[Source records]
━━━━━━━━━━━━━━━━

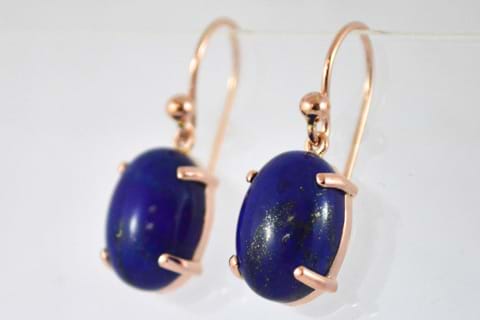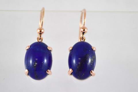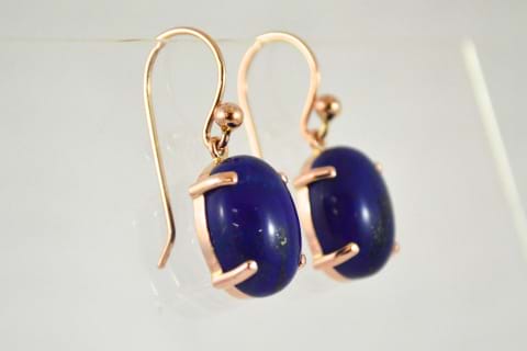 Gorgeous 9ct rose gold claw set drops suspended from shepherd hook fittings with fabulous curvesome cabochon lapis lazuli. Lapis measures 14x10mm
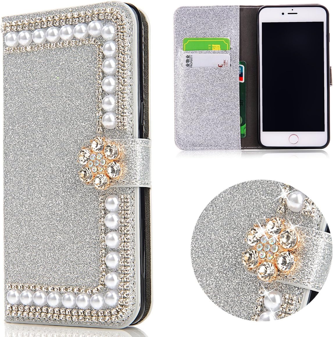 Amazon Com Iphone 6plus 5 5 Case Plecupe Bling Glitter Diamond Crystal Flowers Magnetic Buckle Pearl Sparkle Powder Leather Wallet Folio Cover With Stand Card Slots For Iphone 6plus 6s Plus Silver
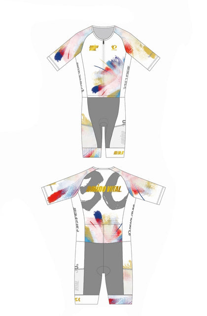 生地素材:メッシュトップスの身頃には通気性と速乾性の高いメッシュ素材を採用し、袖と脇部分には伸縮性の高い、撥水加工を施したメッシュ素材を採用。酷暑期のレースに涼しさを求めるトライアスリートに最適な一着
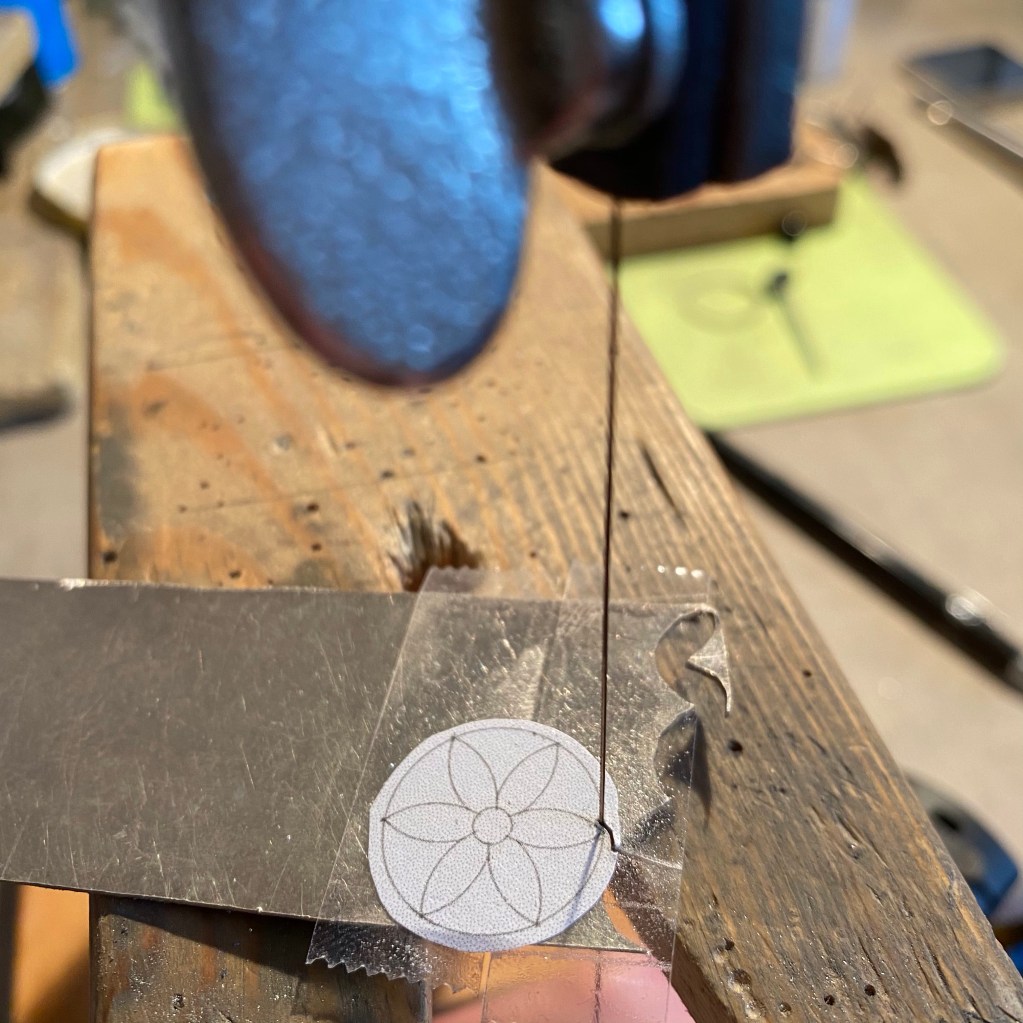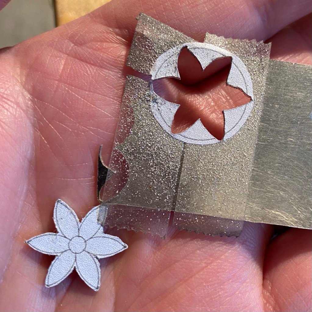 Tejpade fast utskriften med dubbelhäftande tejp på silverplåten. Sen är det bara att börja såga precis utanför linjen. Jag valde ett väldigt fint sågblad för att få så bra kontroll som möjligt på sågningen, men istället tog det lite tid att såga ut materialet.
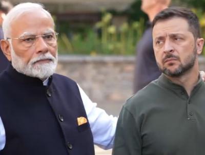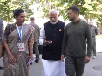 तेव्हा नरेंद्र मोदी हे झेलेन्स्की यांच्या खांद्यावर हात ठेवून काहीतरी सांगताना दिसत होते.

━━━━━━━━━━━━━━━━

▶ [What is expected]: Exact copy, no pictures: write out all the records above.

▶ [The answer]:
 Gorgeous 9ct rose gold claw set drops suspended from shepherd hook fittings with fabulous curvesome cabochon lapis lazuli. Lapis measures 14x10mm
 Amazon Com Iphone 6plus 5 5 Case Plecupe Bling Glitter Diamond Crystal Flowers Magnetic Buckle Pearl Sparkle Powder Leather Wallet Folio Cover With Stand Card Slots For Iphone 6plus 6s Plus Silver
 生地素材:メッシュトップスの身頃には通気性と速乾性の高いメッシュ素材を採用し、袖と脇部分には伸縮性の高い、撥水加工を施したメッシュ素材を採用。酷暑期のレースに涼しさを求めるトライアスリートに最適な一着
 Tejpade fast utskriften med dubbelhäftande tejp på silverplåten. Sen är det bara att börja såga precis utanför linjen. Jag valde ett väldigt fint sågblad för att få så bra kontroll som möjligt på sågningen, men istället tog det lite tid att såga ut materialet.
 तेव्हा नरेंद्र मोदी हे झेलेन्स्की यांच्या खांद्यावर हात ठेवून काहीतरी सांगताना दिसत होते.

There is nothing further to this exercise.